Fig. 5. Recorded Maxi K currents from voltage-clamped HIT-T15 cells in whole-cell configuration. The microchip access resistance (R_a) was 5.1 MΩ. Prior to transition to whole-cell mode, the cell-attached seal resistance was 150 MΩ. (A) The voltage pulse protocol for whole-cell mode measurements of K⁺ currents. (B) The K⁺ current recordings in whole-cell mode. (C) Recorded K⁺ currents from the same cell following the addition of 12.5 mM TEA to the top chamber. The capacity transients were manually removed from the current traces in order to focus on the ion channel activities.

Fig. 6. K⁺ currents from delayed rectifier K⁺ channels recorded from a voltage-clamped RAW 264.7 macrophage in whole-cell configuration. The microchip access resistance (R_a) was 1.7 MΩ. Before transitioning to whole-cell mode, the cell-attached seal resistance was 80 MΩ. K⁺ currents were measured in response to the indicated voltage pulse protocol. The capacity transient was manually removed to focus on the current measurements.

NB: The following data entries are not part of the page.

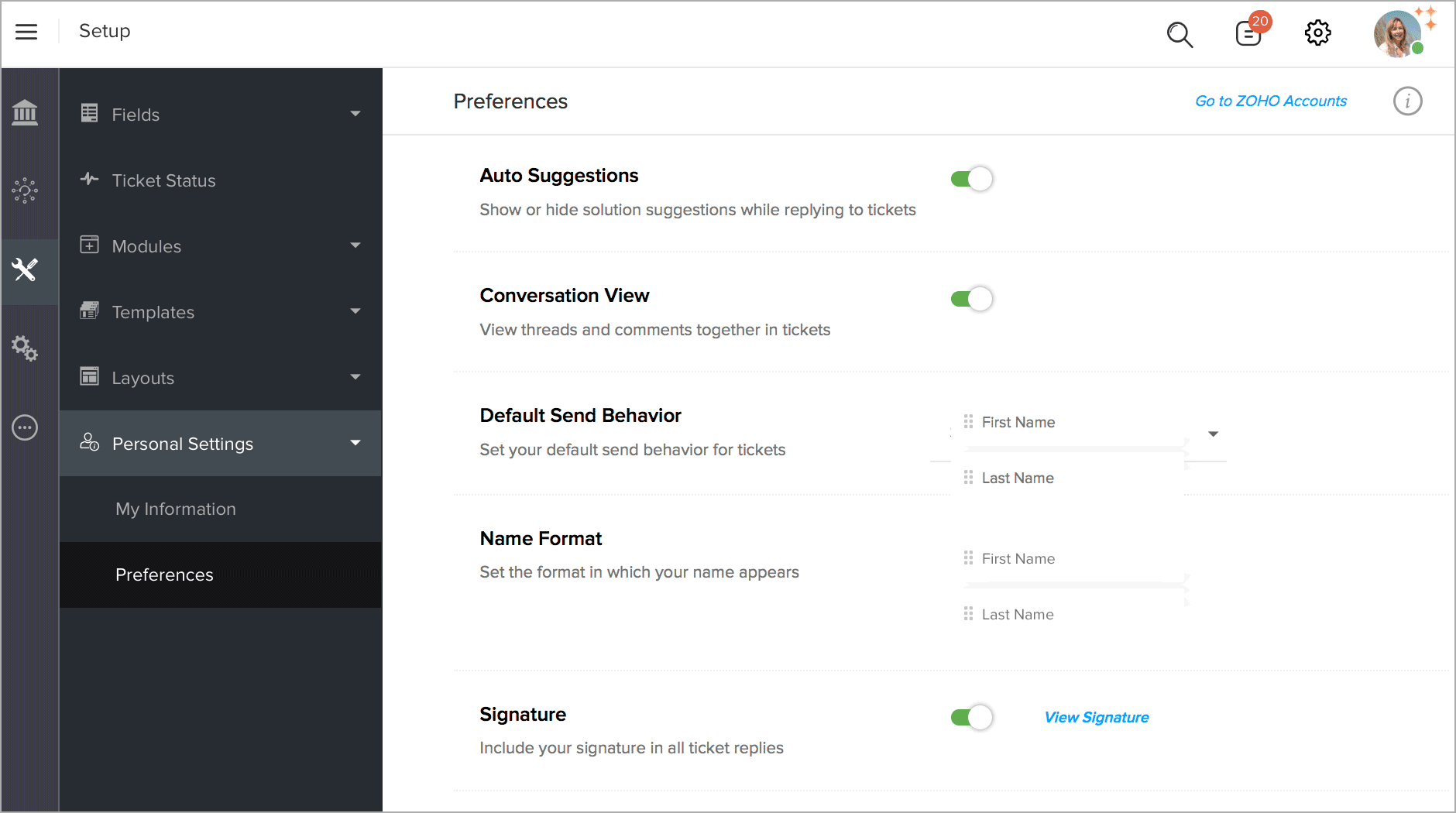 1. In Zoho Desk, goto Setup >  Customize > Personal Settings >  Preferences > Signatures > View Signature .
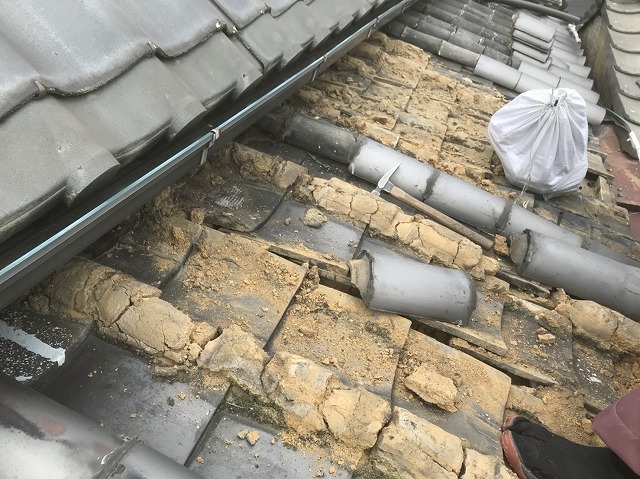 都島区の店舗兼事務所となっている建物のお部屋より雨漏りが発生しました。現場調査したところ原因は恐らく金属屋根のパラペット部分の笠木板金からの雨水侵入のようです。金属製の立平葺きの屋根でしたが、パラペットと呼ばれる囲いのような部分の笠木板金の劣化が相当進んでいました。パラペットとは手すり壁とか胸壁などとも呼ばれ ...続きを読む2021/05/25 寝屋川市|瓦屋根全体の劣化の様子。棟や熨斗瓦下の漆喰劣化とは?2
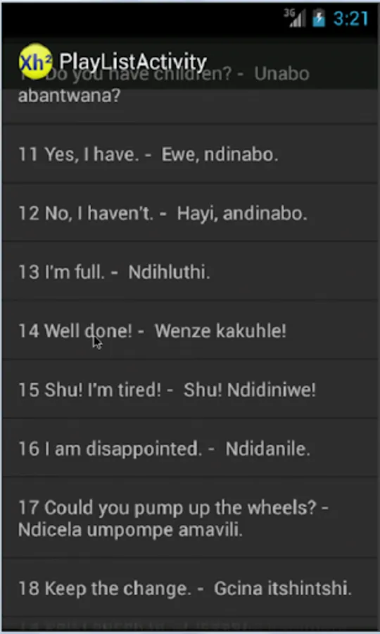 XhosaPhrases2 is a simple yet useful and completely free Android app that plays about 35 frequently used Xhosa (or isiXhosa) conversational phrases with their English translations on your Android phone. It is a sequel to XhosaPhrases1. If you master these phrases, you should be able to delight and “click” with Xhosa speakers. The app cycles (random/sequentially) through the various phrases, and you can lengthen the pauses inbetween sentences in case you want to practice them out loud or need more time. You can switch off the English translations so that you can just listen to the Xhosa phrases playing back, if you are commuting or waiting to see the bank manager! Also options for repeat/single play; long/short pauses and random/sequential play.
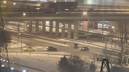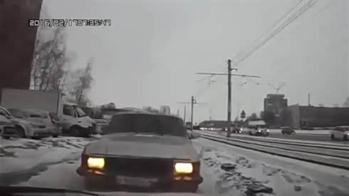 眼睁睁看着 雪地湿滑路面两车迎头撞
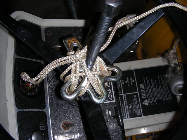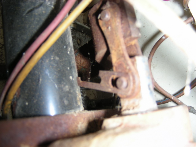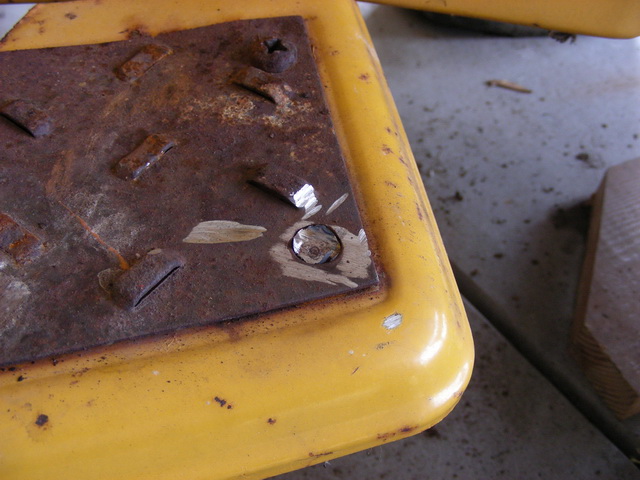 I pulled the steering wheel using the home made 2x4 setup with a puller. That thing was really on there. I had tightened it to the point that I was worried about breaking something with a 3/8" drive ratchet on the puller, and then had to give it several whacks with a hammer to get it free. I built my puller using mostly 1/4" threaded rod. I had a junky piece of it sitting around, and it was available (rather than multiple trips to the hardware store to pick up long bolts that I didn't have.) . ![]() . Now here's an idea I tried last week and gave up on. When I first read about fabricating a puller, I thought maybe I'd be lucky and my wheel wouldn't be stuck too hard, so I simply sat the puller on the column and went in, out, and around 10-12 times with nylon corded 1/4" rope. . ![]() . I cranked it with the socket wrench to the point I was at today (before I hit it with the hammer,) then chickened out and quit. But I seriously wonder if I'd have hit it a few times if it would have worked. Perhaps the flex of the rope would have reduced the effect of the hammer blows, but I'm beginning to suspect that it would have worked had I tried it. I was really, really tight with that socket drive and the rope. I'd like to see if someone else can pull this off, because it could save a good bit of time and hardware vs. building the 2x4 puller if you can make it work. Removing the control panel just required pulling some wires and a few screws from the dash panel. I took a lot of pictures for myself to make notes of the wiring, but I still think it's going to be a challenge to rewire. On that note, I think I'll build a new wiring harness myself. When I was a kid, I used to build wiring harnesses for my Dad, who supplied them to a kit car manufacturer. It's pretty easy stuff. Then I got to removing the tower, and looking around I tried to find the best method to disconnect some stuff. In trying to disconnect the hydraulic lift shaft, I targeted the clip that held the shaft to the hydraulic unit, and when I put a screwdriver on it, I broke it. . ![]() . ![]() . I figure I can probably replace that pretty easily, or simply go with two horseshoe clips instead, but I'll bet someone here knows a better way to go about removing this shaft... The rest of it was pretty straight forward, getting the tower and the frame cover off. Take lots of pictures of the wiring! Now on to the fender pan. The four bolts in the battery area are easy, but the ones on the foot rests are a challenge. I put a 9/16" 6-sided socket on the bottom side, and they turned stripped in no time. These are soft metal, and obviously rusted. I've read some stuff on removing them, and will have to review it. I know it had to do with heat and such. But given that the plates are in such bad shape and I'm considering alternatives to replacing them (and my propensity to have little patience with such things,) I went after them with my side grinder with a cutting blade: . ![]() . As you can see, I hit the foot grip a few times. Once I did that, I started to think that maybe I'd want to reuse them, so maybe I'd better not hack at it. So on to try another method... |
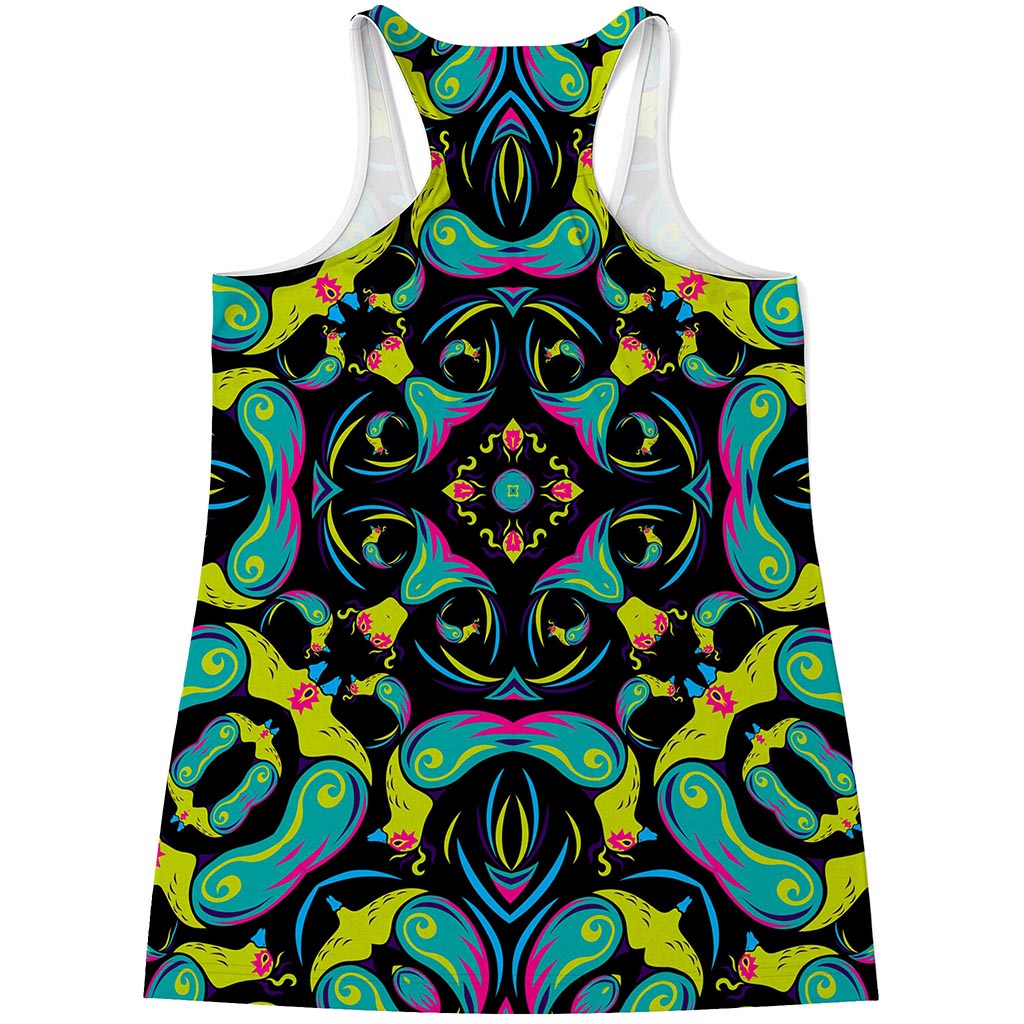 Stay cool and stylish with the versatile Ornament Psychedelic Trippy Print Women's Racerback Tank Top. Designed for women who prioritize comfort and functionality, this racerback tank top is the perfect addition to your active and casual wardrobe. Whether you’re working out, running errands, or relaxing at home, this tank top offers a sleek and flattering fit that keeps you looking great and feeling confident.
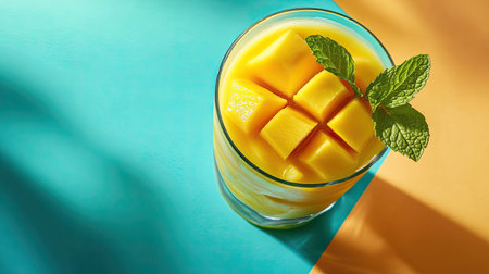 A glass of refreshing aamras with mango slices and mint garnish on a colorful background. Copy space.
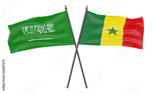 Saudi Arabia and Senegal, two crossed flags isolated on white background. 3d image
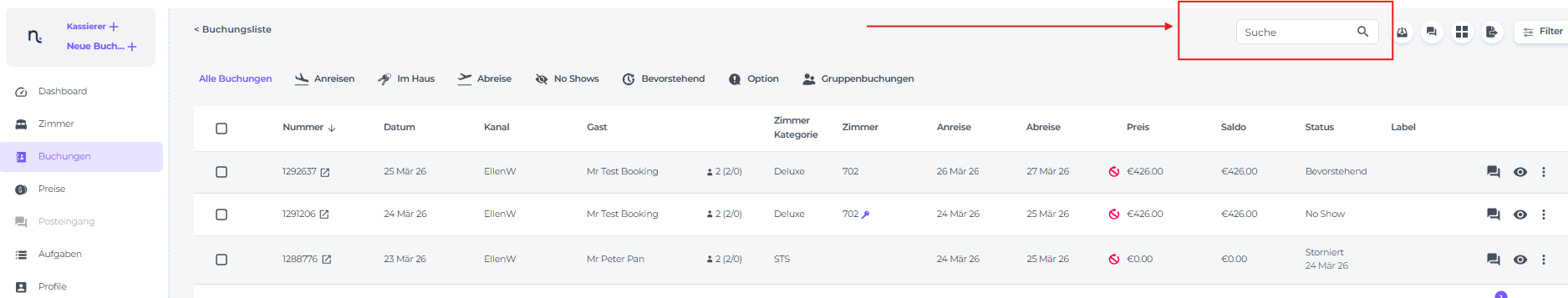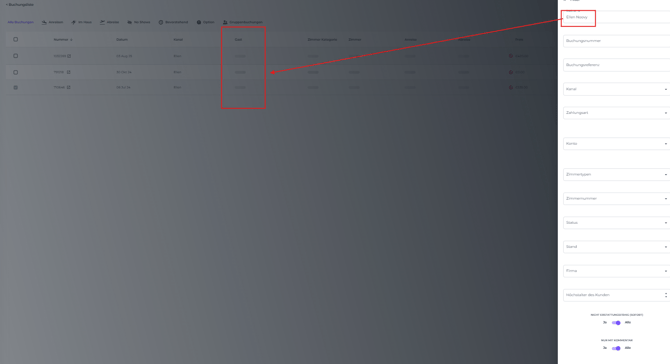 • Alternativ kannst du im Suchfeld oben in der Buchungsliste nach dem Namen, der Systembuchungsnummer oder der Referenznummer (Channel-ID) suchen:

Fig. 7. A microfluidic channel designed to focus the cells over the region of the pore for patching experiments. (A) The design of the PDMS flow-through, focusing channel is illustrated with input and output channels (labeled) for the introduction and extraction of cells and fluids. The dot on the right side of the channel represents the pore that was micromachined into the underlying silicon substrate. (B) Two optical micrographs of the same PDMS microchannel. The left image shows the flow direction (arrow) as it passes through the 100 μm wide focusing channel into the 500 μm wide patching chamber that contains the micropore. The right image shows the region of the chamber that contains the micropore. The inset reveals a HIT-T15 cell that was localized to the micropore using laminar flow. Following suction, all excess cells were washed away using external buffer. (C) Whole-cell mode recordings of the same localized HIT-T15 cell, revealing the electrophysiological signatures of non-inactivating Maxi K-ion channels.